• _YOUR TASK_: Before anything else, drop the pictures; then return exactly the lines from the top of the listing through the line with "A mechanical gripper".

• _EXERCISE INPUT_:
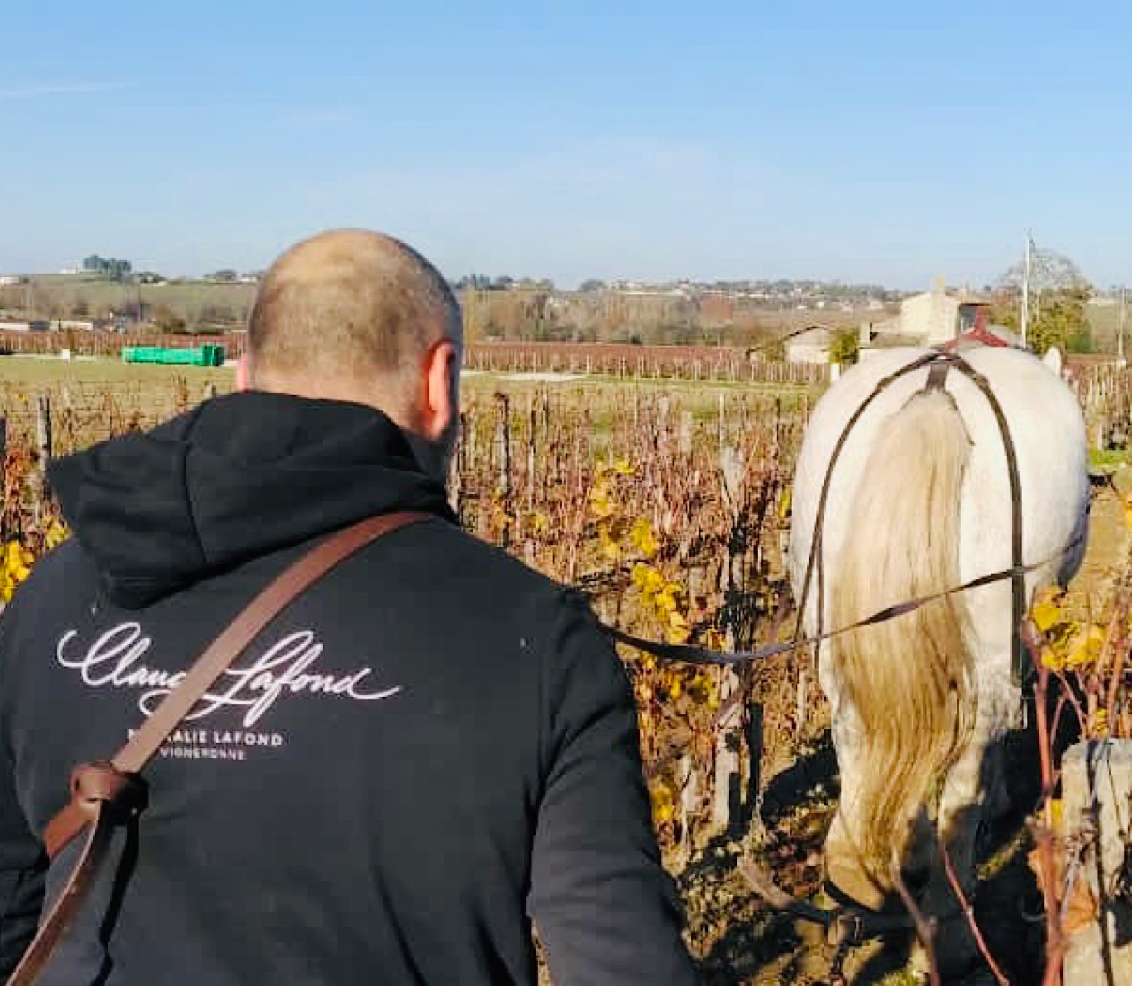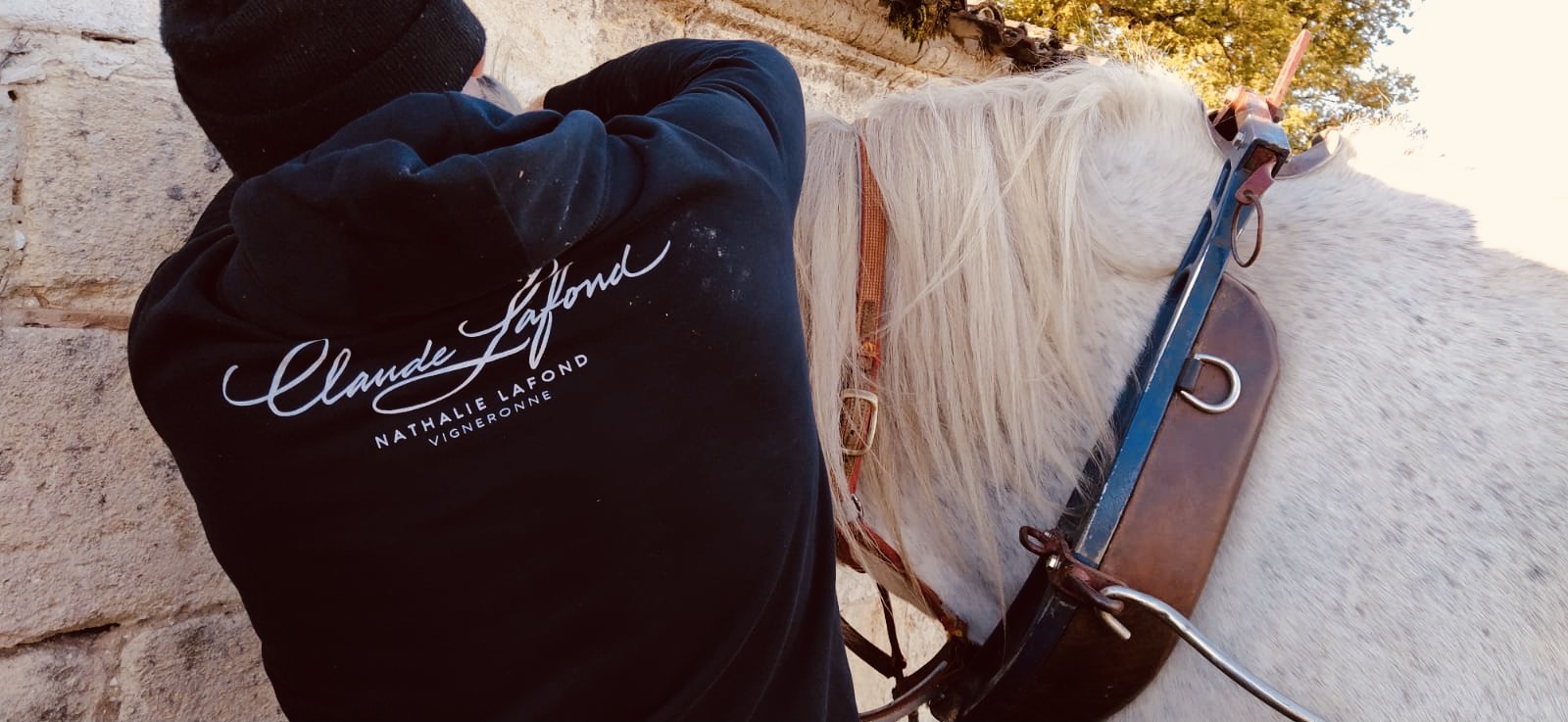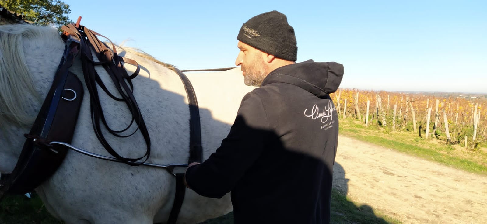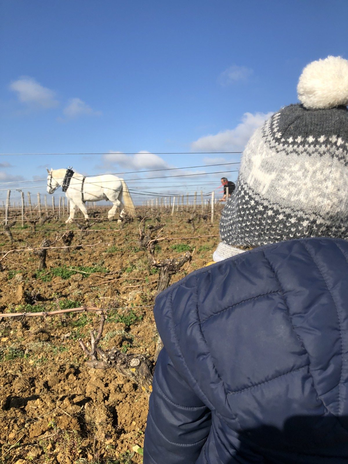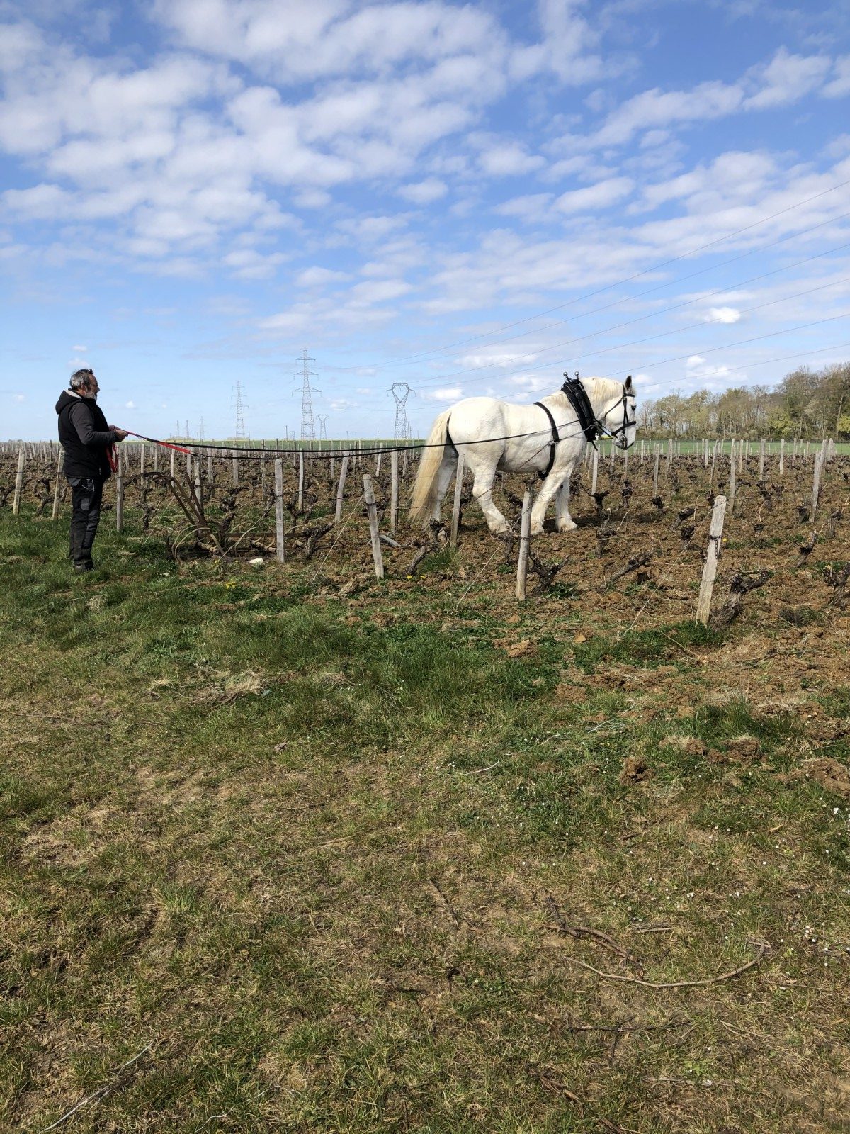 Nous utilisons également la traction animale, grâce à Argentine notre trait comtoise, dans certaines parcelles, nous permettant ainsi de limiter l’empreinte carbone de quelques cuvées.
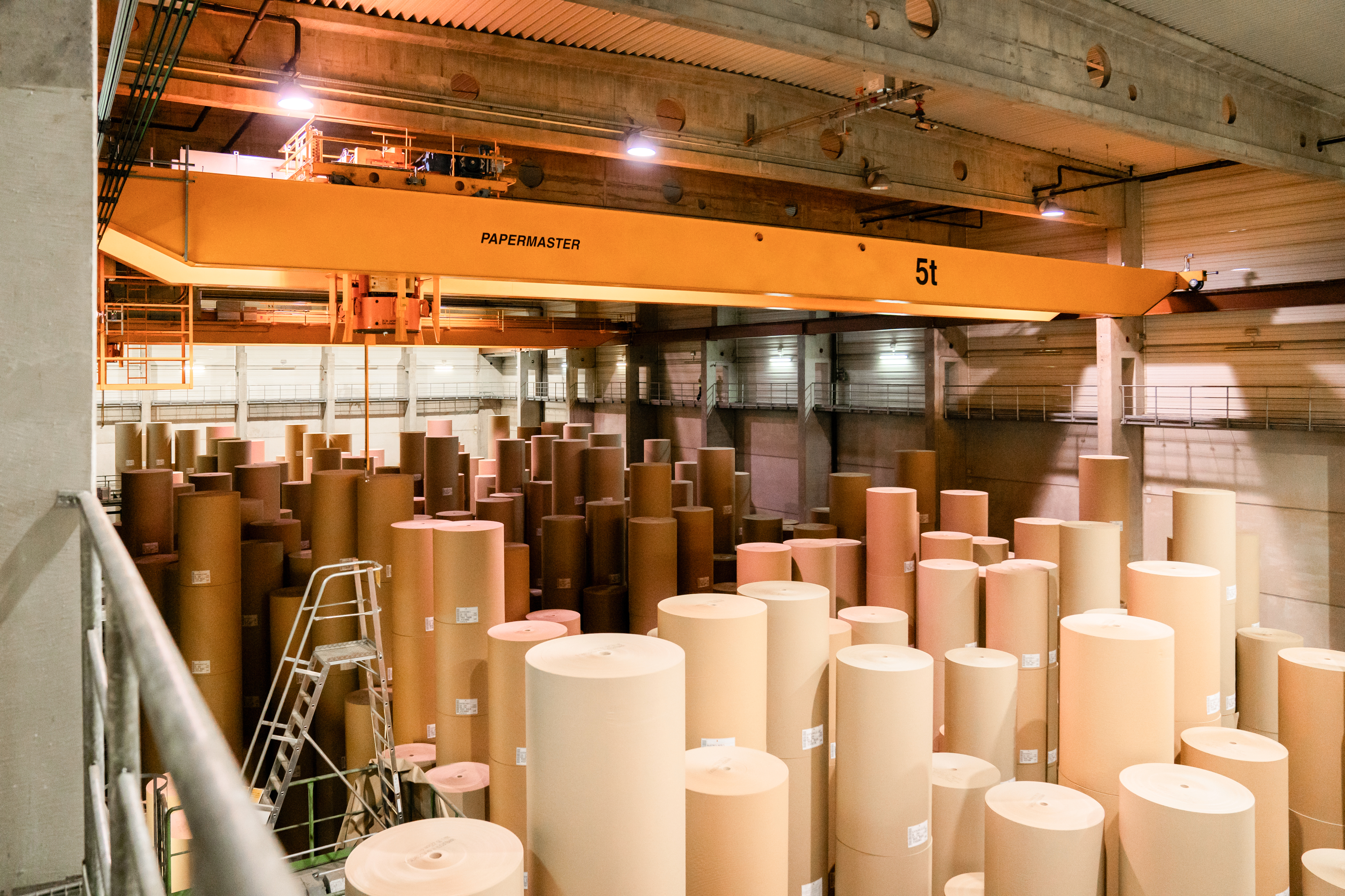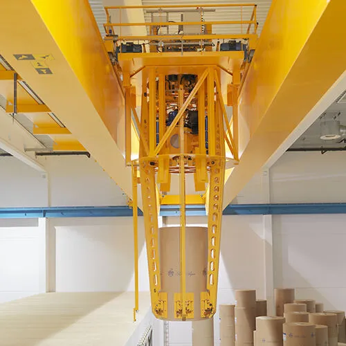 A mechanical gripper crane lifts paper rolls at a paper mill, takes them to storage, where they are usually kept vertically in stacks, and puts them into place for shipping. Handling paper rolls is a critical task in paper production, so they require smooth and efficient travel. A gripper crane is particularly useful when preparing for sea transport, as packing to prevent damage from the movement of a cargo vessel means that paper rolls cannot be lifted by vacuum technology.
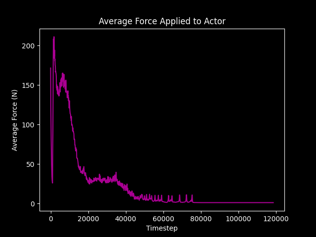 If we take a look at this graph charting the average force applied to each actor during each iteration, we can observe that the average force is at its highest when the two crowds are locked together, and the lanes are being formed. The average force tapers off once the two groups make their way past each other and actors begin to break out of the collision area. You can observe this in the video after the 1:45 mark where the crowd starts losing its density as actors are able to spread out into the available space.
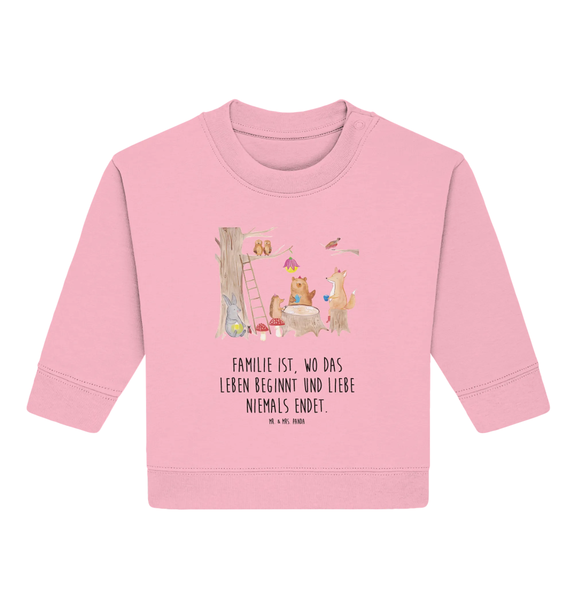 Ein zauberhafter Baby Sweater von Mr. & Mrs. Panda: Das handgezeichnete Aquarellmotiv zeigt Füchse, Eichhörnchen, Hasen und Mäuse beim fröhlichen Picknick im Wald. Die beruhigenden Cotton Pink Töne und die liebevollen Details machen diesen Pullover zu einem echten Lieblingsstück für Baby und Eltern.
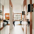 Parmi les matériaux utilisés, le contreplaqué occupe une place centrale, comme dans la plupart des projets de l’architecte. Sa teinte, inspirée des huisseries existantes, structure les volumes et assure une continuité visuelle entre le salon, le couloir et les chambres.
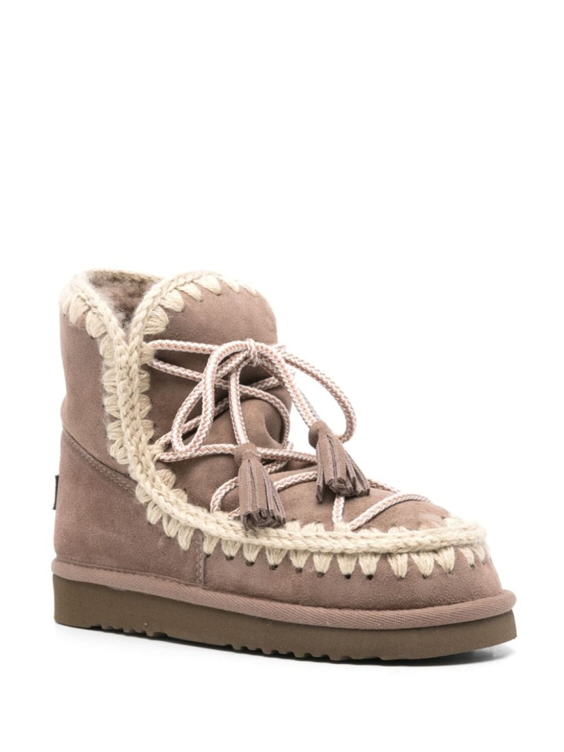 Серый, замша из телячьей кожи, обметочный шов, без застежки, нашивка с логотипом сзади, декоративные кисточки, закругленный носок, подкладка из овечьей шерсти, подошва из этиленвинилацетата (EVA), резиновая подошва, высота по щиколотку
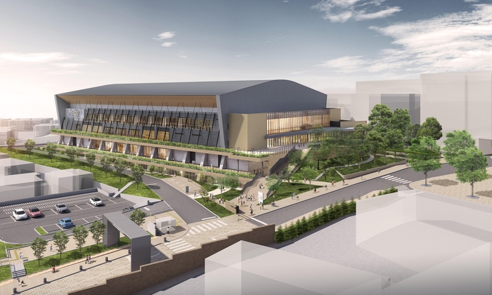 隣接するクラブハウス棟は建設工事が先行して進められており、躯体工事は完了。現在は、外装工事を行っています。両施設とも2025年度中の完成に向け、着々と工事が進んでおり、巨大な構造物が段々と姿を現していきます。

• _YOUR RESPONSE_:
 Nous utilisons également la traction animale, grâce à Argentine notre trait comtoise, dans certaines parcelles, nous permettant ainsi de limiter l’empreinte carbone de quelques cuvées.
 A mechanical gripper crane lifts paper rolls at a paper mill, takes them to storage, where they are usually kept vertically in stacks, and puts them into place for shipping. Handling paper rolls is a critical task in paper production, so they require smooth and efficient travel. A gripper crane is particularly useful when preparing for sea transport, as packing to prevent damage from the movement of a cargo vessel means that paper rolls cannot be lifted by vacuum technology.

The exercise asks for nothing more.